━━━━━ Supplied material ━━━━━

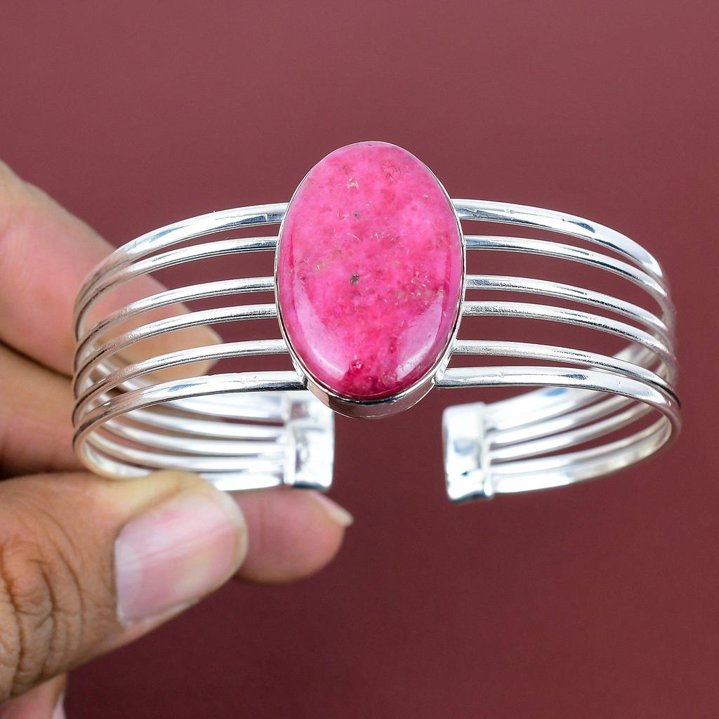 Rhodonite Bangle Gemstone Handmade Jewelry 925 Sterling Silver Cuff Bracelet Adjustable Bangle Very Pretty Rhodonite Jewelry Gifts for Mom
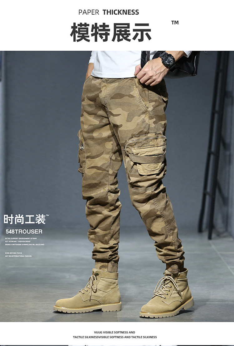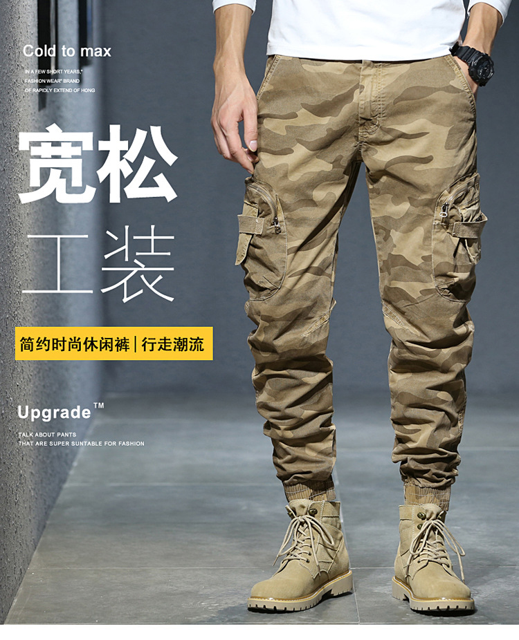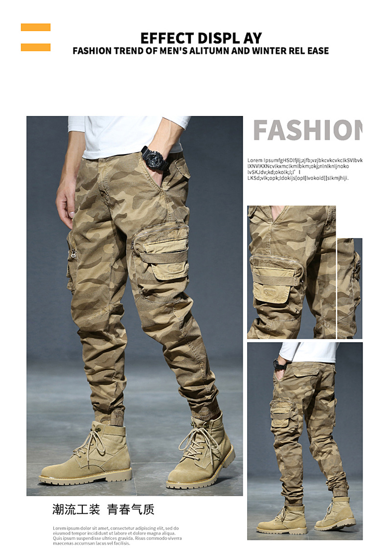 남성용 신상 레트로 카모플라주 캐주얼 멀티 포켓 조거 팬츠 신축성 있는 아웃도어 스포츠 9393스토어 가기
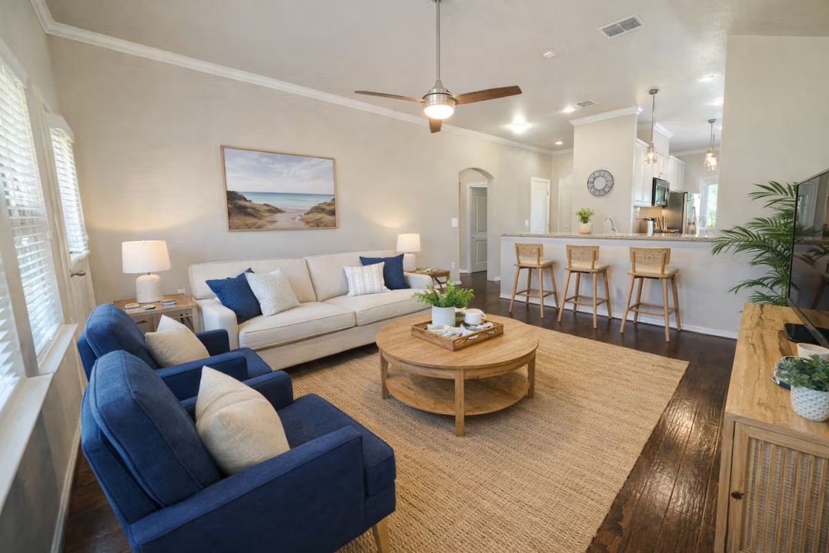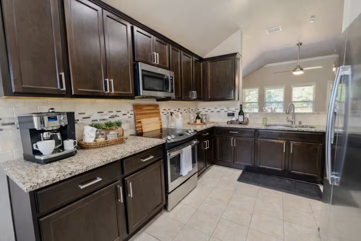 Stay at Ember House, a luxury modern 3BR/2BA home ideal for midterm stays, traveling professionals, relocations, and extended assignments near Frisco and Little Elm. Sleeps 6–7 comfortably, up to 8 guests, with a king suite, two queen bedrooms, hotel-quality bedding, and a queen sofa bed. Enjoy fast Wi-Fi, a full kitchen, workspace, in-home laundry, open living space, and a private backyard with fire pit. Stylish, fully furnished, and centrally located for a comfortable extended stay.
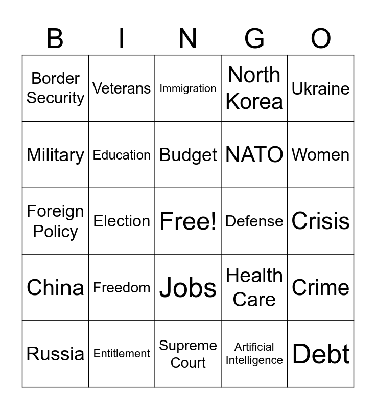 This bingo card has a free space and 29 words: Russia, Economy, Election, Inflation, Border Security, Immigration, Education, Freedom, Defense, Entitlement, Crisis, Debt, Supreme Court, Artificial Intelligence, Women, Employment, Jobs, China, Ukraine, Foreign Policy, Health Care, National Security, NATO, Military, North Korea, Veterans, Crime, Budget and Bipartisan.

━━━━━

> [The problem] Print only the lines from the line that contains "Stay at Ember" to the final line of the data, inclusive. Pictures stay out.

> [Your response]
 Stay at Ember House, a luxury modern 3BR/2BA home ideal for midterm stays, traveling professionals, relocations, and extended assignments near Frisco and Little Elm. Sleeps 6–7 comfortably, up to 8 guests, with a king suite, two queen bedrooms, hotel-quality bedding, and a queen sofa bed. Enjoy fast Wi-Fi, a full kitchen, workspace, in-home laundry, open living space, and a private backyard with fire pit. Stylish, fully furnished, and centrally located for a comfortable extended stay.
 This bingo card has a free space and 29 words: Russia, Economy, Election, Inflation, Border Security, Immigration, Education, Freedom, Defense, Entitlement, Crisis, Debt, Supreme Court, Artificial Intelligence, Women, Employment, Jobs, China, Ukraine, Foreign Policy, Health Care, National Security, NATO, Military, North Korea, Veterans, Crime, Budget and Bipartisan.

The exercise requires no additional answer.